Goughler credits former Keystone head coach Kim Swartzfager for growing that love.
“My love for the game was strongly built upon in junior high by Kim Swartzfager,” Goughler said. “I remember being this tiny seventh-grade girl who maybe weighed 70 pounds if I was lucky. I had no upper body strength and was lucky if serving overhand I could get the ball halfway to the net. She allowed me to serve underhand because I was highly successful in that sense. She told me she didn’t care how I got the ball over the net, as long as I was getting it over. You can’t win games if you don’t score. She would always continue to work on over hand as I grew. Also, my legs weren’t big enough to even hold my knee pads up. During a summer-league game Kim even once went and found duct tape and she taped them on for me so I could play without them falling to my ankles.”

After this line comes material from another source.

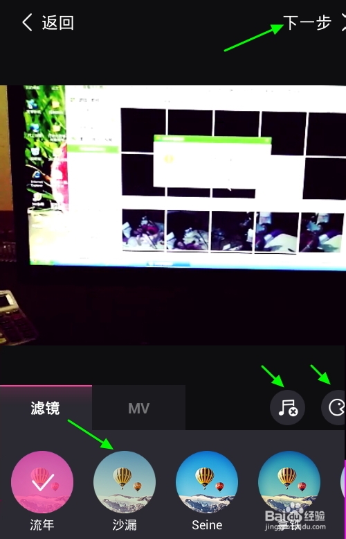 登陸之后,點(diǎn)擊中間的攝像按鈕開始攝像,攝像完畢后可以選擇下方“濾鏡”進(jìn)行切換,還可以點(diǎn)擊音樂圖標(biāo)配音,或點(diǎn)擊邊上的按鈕消除原音,調(diào)試好了后,點(diǎn)擊下一步進(jìn)入分享。

Goughler said her size was part of the reason she was cut from the seventh-grade basketball team, but that Swartzfager saw something in her.
“Kim saw a potential even in the smallest person on the team,” Goughler said. “That drove me to want to work hard and be the best player I could be. Going up through the program, Laurie Barrett was always a mentor as well giving support and guidance. She strived to make me the best setter I could be. Even through multiple injuries she always helped get me back on track.”
Goughler believes there is a lot of potential with the current Keystone squad.
“Halee McCance did an awesome job with this program over the past six years,” Gougher said. “I’m excited to step in and take over the program she has built. I’ve had the opportunity to watch these girls over the past two years and work with them in a different capacity. I know the talent is there for them to be highly successful.”
Keeping the players in a comfort zone will be a key to success for the Lady Panthers.
“A number of these girls have played together for years,” Goughler said. “Keeping them in their comfort zone of type of play is important to me. I’m sure we will have some trial-and-error periods this year and changes will be made as needed. I have a great group of returning players and together we learn from each other. They are used to playing at a high level, and I expect that we will continue to do that.”
Goughler understands she will need to learn right alongside her players.
“Some areas of volleyball has changed since I’ve played,” Goughler said. “This will be an adjustment for me as a coach to learn.”
After graduating from Keystone, Goughler went to IUP where she earned a Bachelors in Science in Athletic Training in 2010. She then completed her Masters In Sports Coaching online from the United States Sports Academy (USSA) in Daphne, Ala., in October 2012.
While working on her Master’s, she worked at Central Cambria High School for Western PA Sports Medicine and Rehabilitation from August 2011 to August 2012 then moved on to Farrell High School with Sharon Regional Health Systems for two years before coming back home to work for C.H.A.M.P., a division of Clarion Rehabilitation Services in August 2014.
Goughler is currently pursuing a Doctorate in Athletic Training online through A.T. Still University in Mesa, Arz., with a tentative graduation date of October 2018.